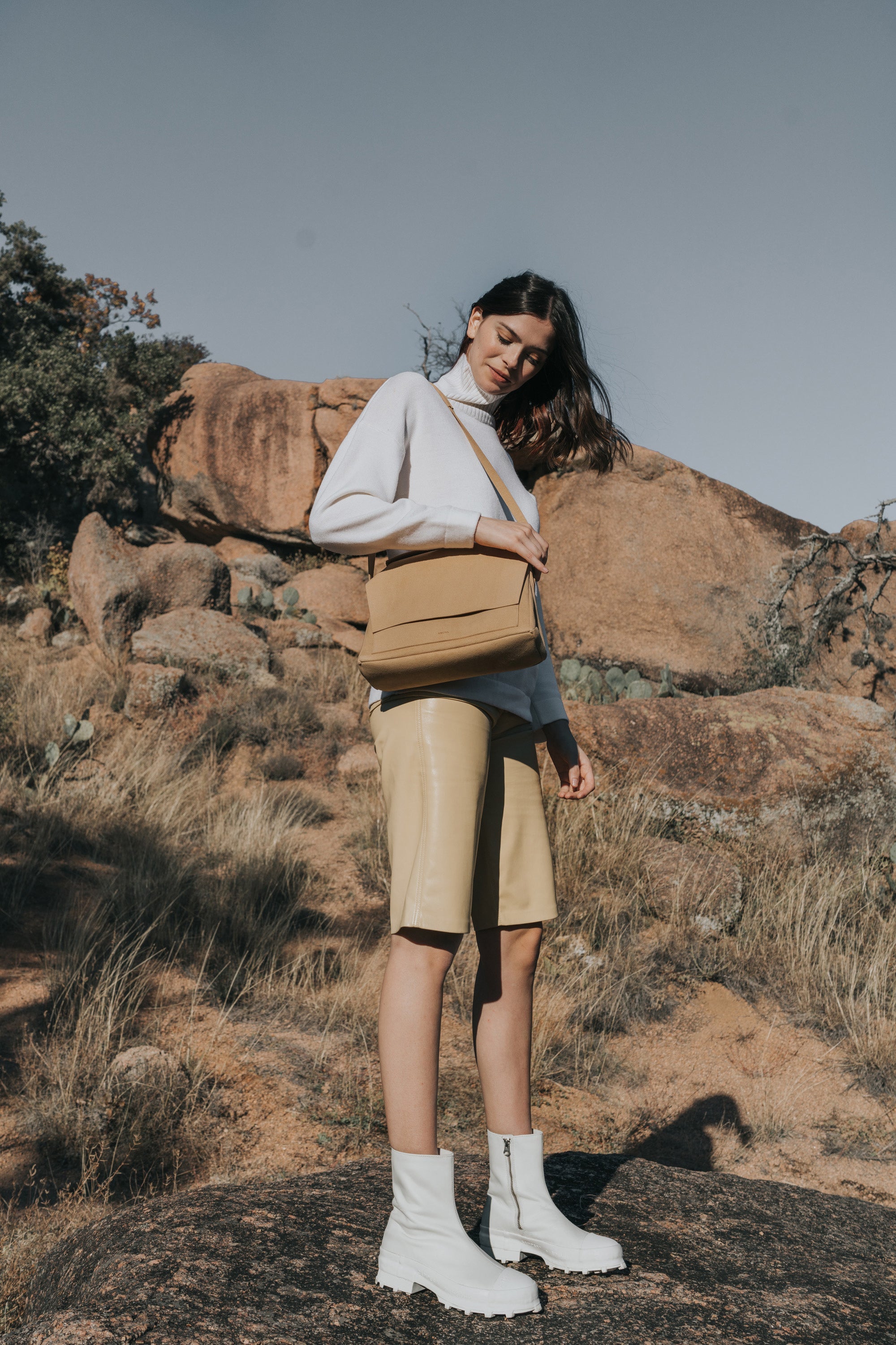 - Short handle bag: From the Crossbody bag, pull the strap handle inside the top opening. Continue pulling the strap until it is the same length as the original crossbody strap. This creates the shoulder bag silhouette.
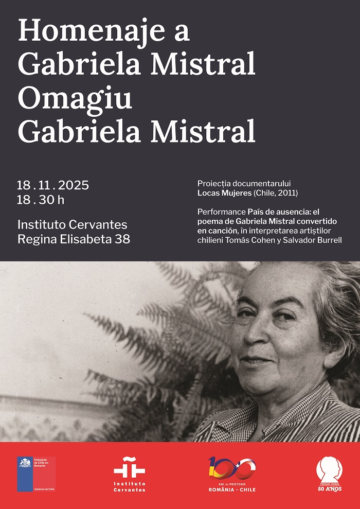 Cu ocazia aniversării a 80 de ani de la acordarea Premiului Nobel pentru Literatură renumitei poete, diplomate și educatoare chiliene Gabriela Mistral și a centenarului relațiilor diplomatice dintre România și Chile, Ambasada Chile în România, în colaborare cu Institutul Cervantes din București, organizează „Omagiu Gabriela Mistral”, care va avea loc pe 18 noiembrie, ora 18.30, la sediul Institutului Cervantes din București (Bd. Regina Elisabeta, nr. 38).
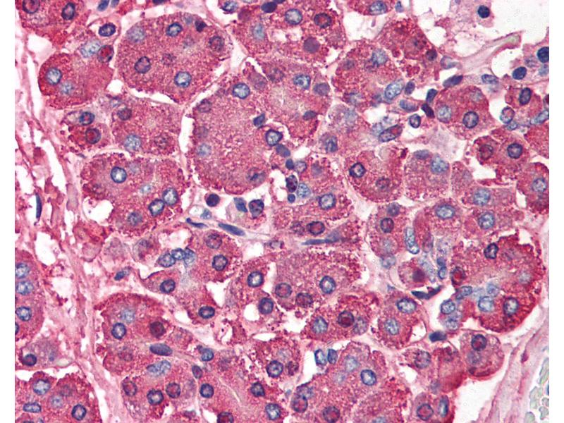 Usage: Immunohistochemistry: This antibody was validated for use in immunohistochemistry on a panel of 21 formalin-fixed, paraffin-embedded (FFPE) human tissues after heat induced antigen retrieval in pH 6.0 citrate buffer. After incubation with the primary antibody, slides were incubated with biotinylated secondary antibody, followed by alkaline phosphatase-streptavidin and chromogen. The stained slides were evaluated by a pathologist to confirm staining specificity. The optimal working concentration for this antibody was determined to be 2.5 μg/mL. -

(What is expected):
Copy out every line above, word for word, minus images.

(Written solution):
 - Short handle bag: From the Crossbody bag, pull the strap handle inside the top opening. Continue pulling the strap until it is the same length as the original crossbody strap. This creates the shoulder bag silhouette.
 Cu ocazia aniversării a 80 de ani de la acordarea Premiului Nobel pentru Literatură renumitei poete, diplomate și educatoare chiliene Gabriela Mistral și a centenarului relațiilor diplomatice dintre România și Chile, Ambasada Chile în România, în colaborare cu Institutul Cervantes din București, organizează „Omagiu Gabriela Mistral”, care va avea loc pe 18 noiembrie, ora 18.30, la sediul Institutului Cervantes din București (Bd. Regina Elisabeta, nr. 38).
 Usage: Immunohistochemistry: This antibody was validated for use in immunohistochemistry on a panel of 21 formalin-fixed, paraffin-embedded (FFPE) human tissues after heat induced antigen retrieval in pH 6.0 citrate buffer. After incubation with the primary antibody, slides were incubated with biotinylated secondary antibody, followed by alkaline phosphatase-streptavidin and chromogen. The stained slides were evaluated by a pathologist to confirm staining specificity. The optimal working concentration for this antibody was determined to be 2.5 μg/mL. -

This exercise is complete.